Regular physical therapy, gentle exercise, and joint protection techniques are essential non-medication approaches.

• Patients should monitor for medication side effects, including regular blood tests for those on methotrexate, and maintain consistent follow-up with rheumatologists.
• Early aggressive treatment is crucial as it can prevent irreversible joint damage by targeting the underlying immune dysfunction that causes the body to attack its own joint tissues, as emphasized by the European League against Rheumatism recommendations 1.

Monitoring and Adjustment

Monitoring should be frequent in active disease (every 1–3 months), and if there is no improvement by at most 3 months after the start of treatment or the target has not been reached by 6 months, therapy should be adjusted, as recommended by the 2019 update of the EULAR recommendations for the management of rheumatoid arthritis 1.

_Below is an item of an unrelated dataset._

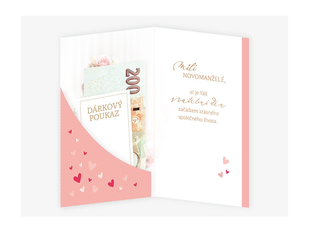 Svatební blahopřání s kapsou na peníze a textem uvnitř přání. Součástí blahopřání je bílá obálka.

• The choice of treatment strategy should be based on a shared decision-making process between the patient and the rheumatologist, taking into account the patient's preferences, comorbidities, and potential risks, as highlighted in the 2021 American College of Rheumatology guideline 1.

From the FDA Drug Label

B cells are believed to play a role in the pathogenesis of rheumatoid arthritis (RA) and associated chronic synovitis. In this setting, B cells may be acting at multiple sites in the autoimmune/inflammatory process, including through production of rheumatoid factor (RF) and other autoantibodies, antigen presentation, T-cell activation, and/or proinflammatory cytokine production. In RA patients, treatment with RITUXAN induced depletion of peripheral B lymphocytes, with the majority of patients demonstrating near complete depletion (CD19 counts below the lower limit of quantification, 20 cells/µl) within 2 weeks after receiving the first dose of RITUXAN. Leflunomide is indicated in adults for the treatment of active rheumatoid arthritis (RA): to reduce signs and symptoms to inhibit structural damage as evidenced by X-ray erosions and joint space narrowing to improve physical function

Rheumatoid Arthritis Treatment:

• Rituximab (IV) and leflunomide (PO) are both used to treat rheumatoid arthritis.
• Rituximab works by depleting B cells, which play a role in the pathogenesis of RA.
• Leflunomide is used to reduce signs and symptoms, inhibit structural damage, and improve physical function in adults with active RA 2, 3.

From the Research

Treatment Options for Rheumatoid Arthritis

• Methotrexate is considered the preferred disease-modifying anti-rheumatic drug (DMARD) for the treatment of rheumatoid arthritis, as it has been shown to relieve pain, reduce the number of affected joints, and provide functional improvement 4.
• Combination therapy with methotrexate and other DMARDs, such as sulfasalazine and hydroxychloroquine ("triple therapy"), has been found to be effective in controlling disease activity and is generally well tolerated 5, 6, 7.
• Biologic DMARDs, such as adalimumab, etanercept, and rituximab, have also been shown to be effective in combination with methotrexate, particularly in patients who have not responded to methotrexate alone 4, 5, 7.

Efficacy of Different Treatment Regimens

• Methotrexate monotherapy has been found to be effective in reducing disease activity, but combination therapy with other DMARDs or biologics may be more effective in achieving remission or low disease activity 5, 8.
• The estimated probability of ACR50 response (a measure of major clinical improvement) was similar between different combination regimens, including triple therapy and biologic DMARDs, ranging from 56-67% 5, 7.
• Radiographic progression was found to be inhibited by combination therapy with methotrexate and biologic DMARDs, but the estimated mean change over one year was less than the minimal clinically important difference of 5 units on the Sharp-van der Heijde scale 5, 7.

Safety and Tolerability of Treatment Regimens

• Methotrexate has been found to have a favorable safety profile, with few treatment withdrawals due to adverse events 4.
• Combination therapy with methotrexate and other DMARDs or biologics has been found to be generally well tolerated, with no significant increase in adverse events compared to monotherapy 5, 6, 7.
• However, some combination regimens, such as methotrexate plus azathioprine, have been found to have a higher rate of withdrawals due to adverse events 5.